The USA is retarded. It has an obsession with "codifying" - that is making detailed rules. It has driven this policy around the world - but fortunately in many cases (not enough) it has been told to get lost.
An example is the fact that the US has still not got its head around risk-based assessment for money laundering purposes.
Perhaps it's just that those who define policy are just too lacking in imagination. But more likely it's that they are thick and arrogant - and subject to pressure from industry activists.
Let's make this plain: if the mortgage industry is subject to money laundering risk - as it is and only a dimwit would say otherwise - then it is totally irrelevant who the lender is.
So, the regulatory and compliance regime should apply equally to all of those who grant mortgages. It's common sense.

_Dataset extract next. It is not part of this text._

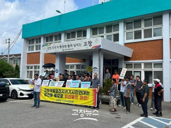 | 고창군 심원면이장단협의회등 지역 17개 사회단체는 18일 오전 11시 심원면 행정복지센터 광장에서 기자회견을 열고 '리조트와 골프장 건설을 포함한 종합테마파크 사업을 강력히 지지하는 성명서를 발표했다. |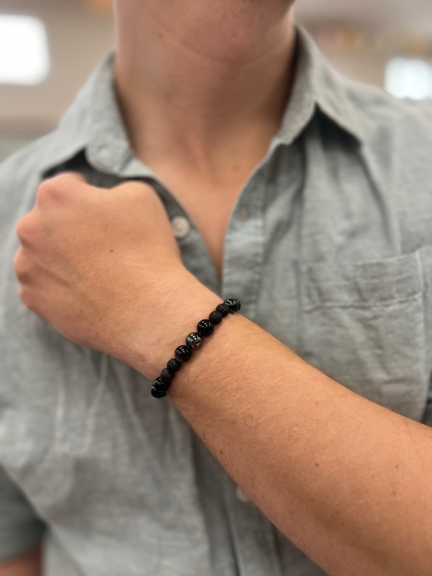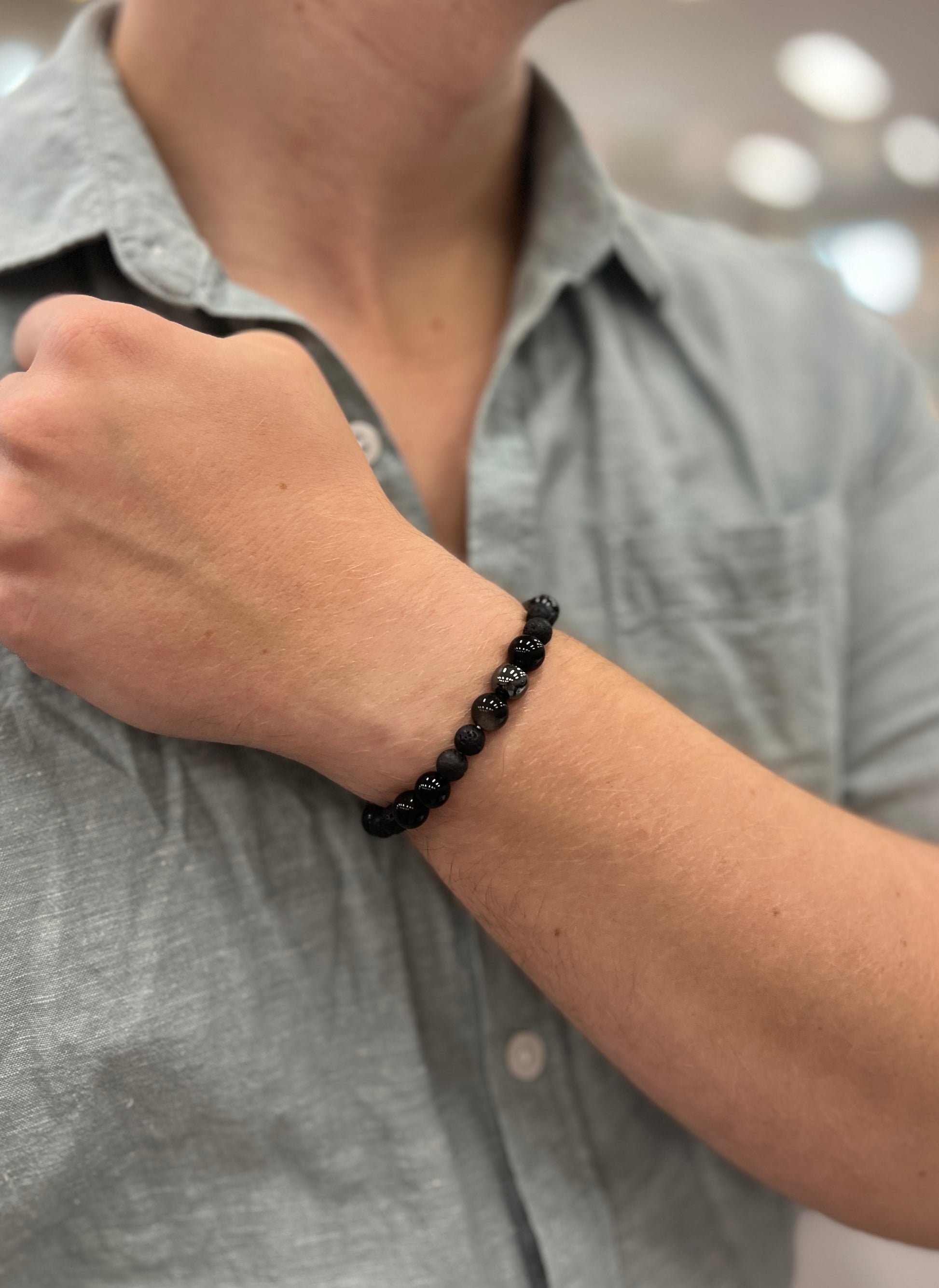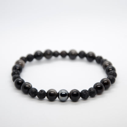 ◉ 8mm Natural Hematite ◉ 6mm Natural Black Lava ◉ 8mm Natural Silver Obsidian

But in the USA, incredibly, money laundering risk is NOT regarded as universal across mortgage lenders.
In the land where "hedge funds" and "financial intermediaries" have been relieved of their duty to undertake any form of due diligence with the withdrawal late last year of the "draft final rule," and where securities houses have no strict duty to perform due diligence on their customers prior to mid 2005, to find yet more holes in the system is outrageous.
If the FATF had the courage of its convictions, it should produce a warning notice indicating the risks of dealing with US financial institutions. The US roams the world threatening to blockade banks if they act in ways that US politicians don't like. It's time foreign institutions started asking serious questions about the weak systems and controls imposed by US law.